入学時に入学の目的、希望職種、半期の目標などを入力。学習時間や図書館などの施設利用の状況を記載し、半期ごとに自己評価を書き込み、チューターと面談。次の学期に備える。
卒業時に身につける能力として「課題解決につながる協調性と指導力」「高い倫理観と社会的責任感」などが掲げられ、授業もそうした能力を底上げできるように編成されている。担当者の山内一祥講師は効果についてこう語る。
「成果が目に見えやすくなったことで、学生自身が成長を実感しやすくなっているようです。気が緩みそうになっても、入学時に記入した内容を見て、初心に帰ることもできる」
大学が公表するデータからも、実力がつく大学の素顔が見えてくる。まずは「実就職率ランキング」を見てみよう。
卒業者数別のランキングを見ると、小規模大学が健闘する。卒業者数300人未満の上位4大学は実就職率100%と驚異的だ。いずれの大学もキャリア支援や就職に向けたネットワークを築くことで、就職実績に反映している。
ランキング上位は公立や私立の大学が目立つ中、国立の福井大に注目が集まる。卒業者1千人以上の国立大で、実就職率は11年連続の全国1位をキープしている。キャリアカウンセラーを置き、東京や大阪、広島、福岡にはサテライトキャンパスを設ける。それらのキャンパスは就職活動中の学生向けに、荷物を預かるほか、更衣室まで用意する。大学ランキング編集者の小林哲夫さんも「地方の国立大では最も攻めている」と高評価だ。

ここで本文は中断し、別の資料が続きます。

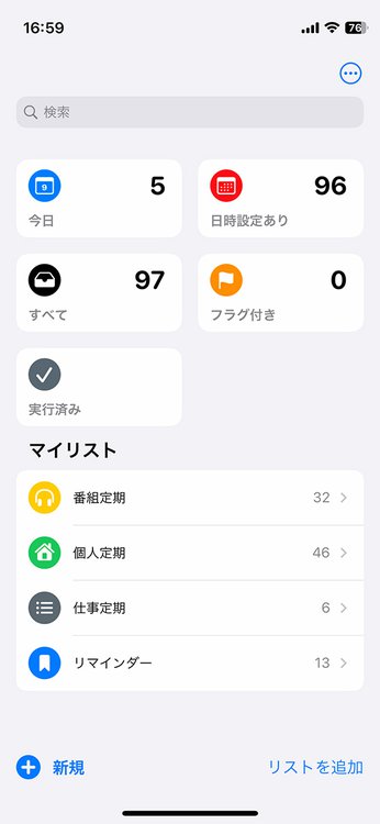 iPhoneのリマインダーにはiOS 16現在、実行済みリマインダーを自動で削除する機能がなぜかありません。しかも「毎週日曜日の19時30分から〇〇」のような繰り返しリマインダーも、その毎週分が別扱いで蓄積され続けます。毎日10個の繰り返しリマインダーを設定していたら、1週間で70個、1ヶ月で300個の実行済みリマインダーが蓄積されてしまうわけです。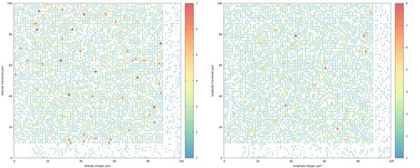 This one completely surprised me. I was looking for the exact spacing being applied to some data and started seeing all kinds of interesting stuff in the high-frequency range: spikes at 217 and 218 indicating single-precision truncation, powers of ten indicating digit truncation, and in another (not yet published) analysis, 1/60 and 1/3600 from truncated DMS encoding.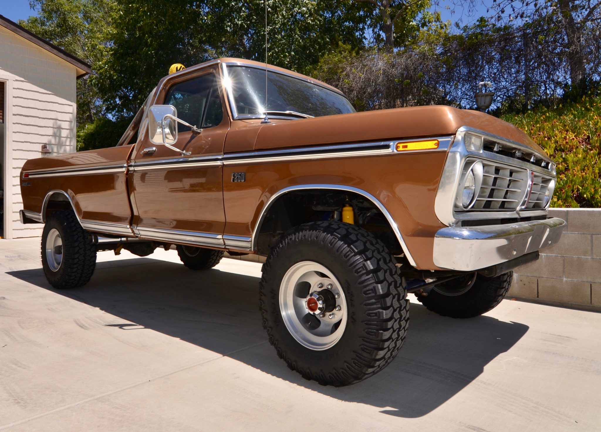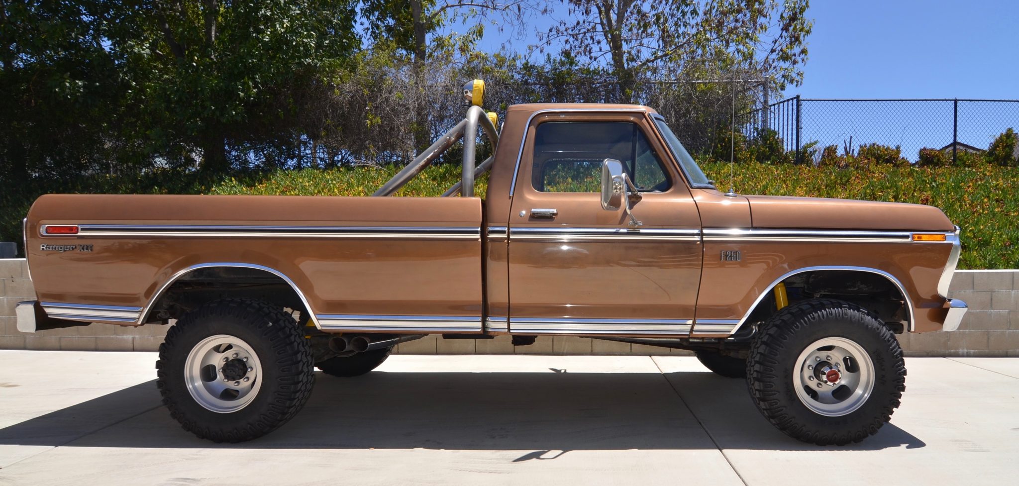16″ five-slot wheels with manually-locking front hubs are wrapped with 33×12.5″ Interco TrXuS mud-terrain tires. The truck is equipped with a factory power brake booster, and the seller states that the brake system was overhauled during current ownership.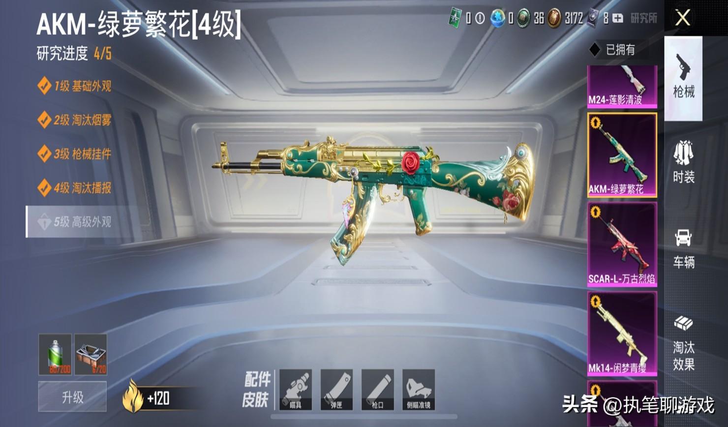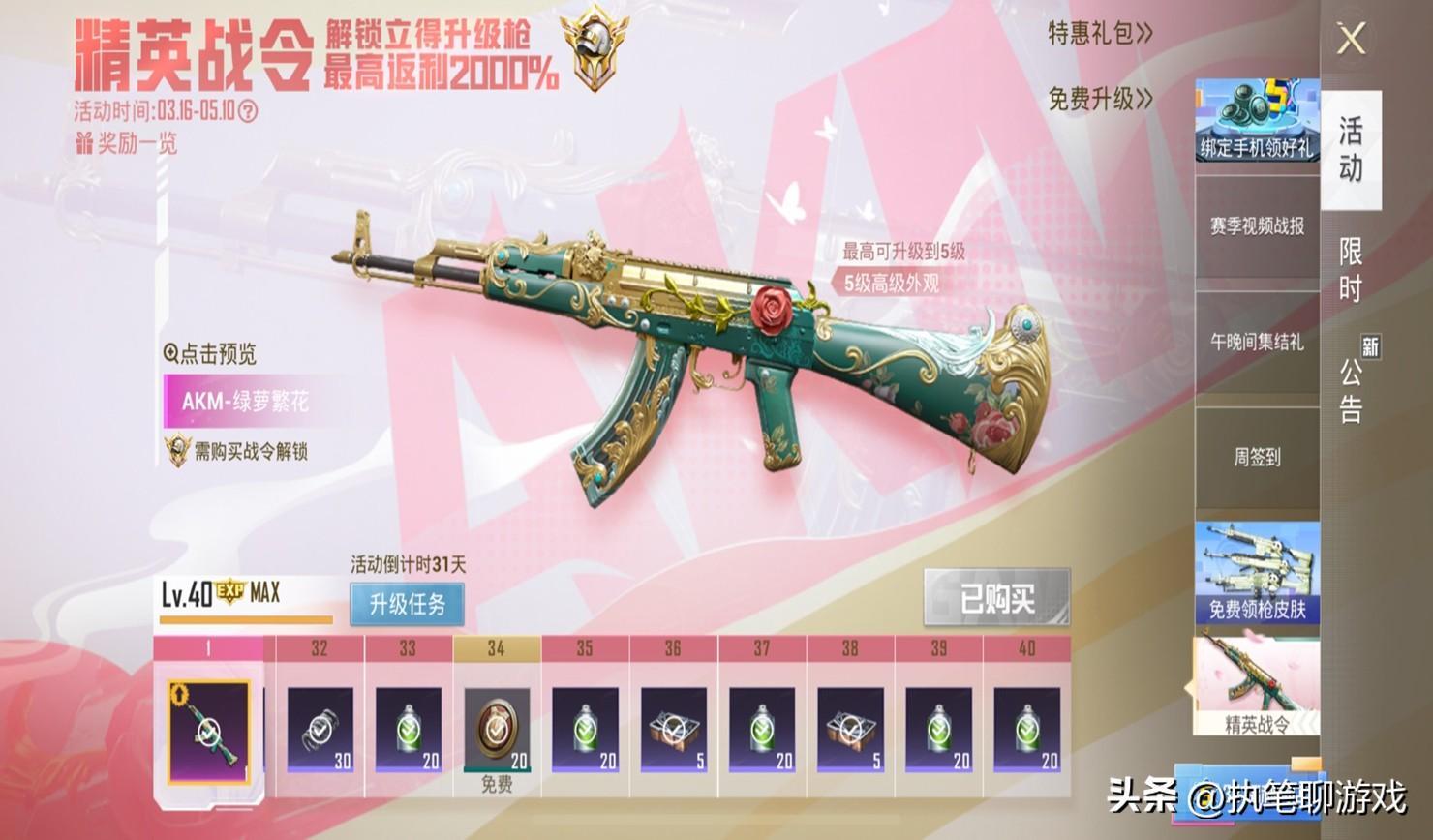 聊完了不同版本的木乃伊後,和大家說一下關於戰令AKM的事情,需要提醒諸位:提升到40級後,所獲得的材料並不足以把AKM升到滿級哦~

将来の進路が決まっている場合は、職種別の合格者数や合格率にも目を向けてみるといいだろう。
東日本大震災以降、人気を集めている警察官や消防官は、体育会系の学生が多い大学の学生が志望する傾向にあるが、採用人数を見ると、日本大や国士舘大、帝京大など大規模な総合大学が目立つ。これらの大学には警察官や消防官になるための講座が用意されている。日本文化大も警察官に強い大学として有名だ。法学部のみの単科大学で、学生数も800人程度だが、卒業生の4割以上が警察官として採用されている。数学や社会、理科など中学、高校で学ぶ基礎的な知識までも授業でおさらいすることが採用につながっていると言われている。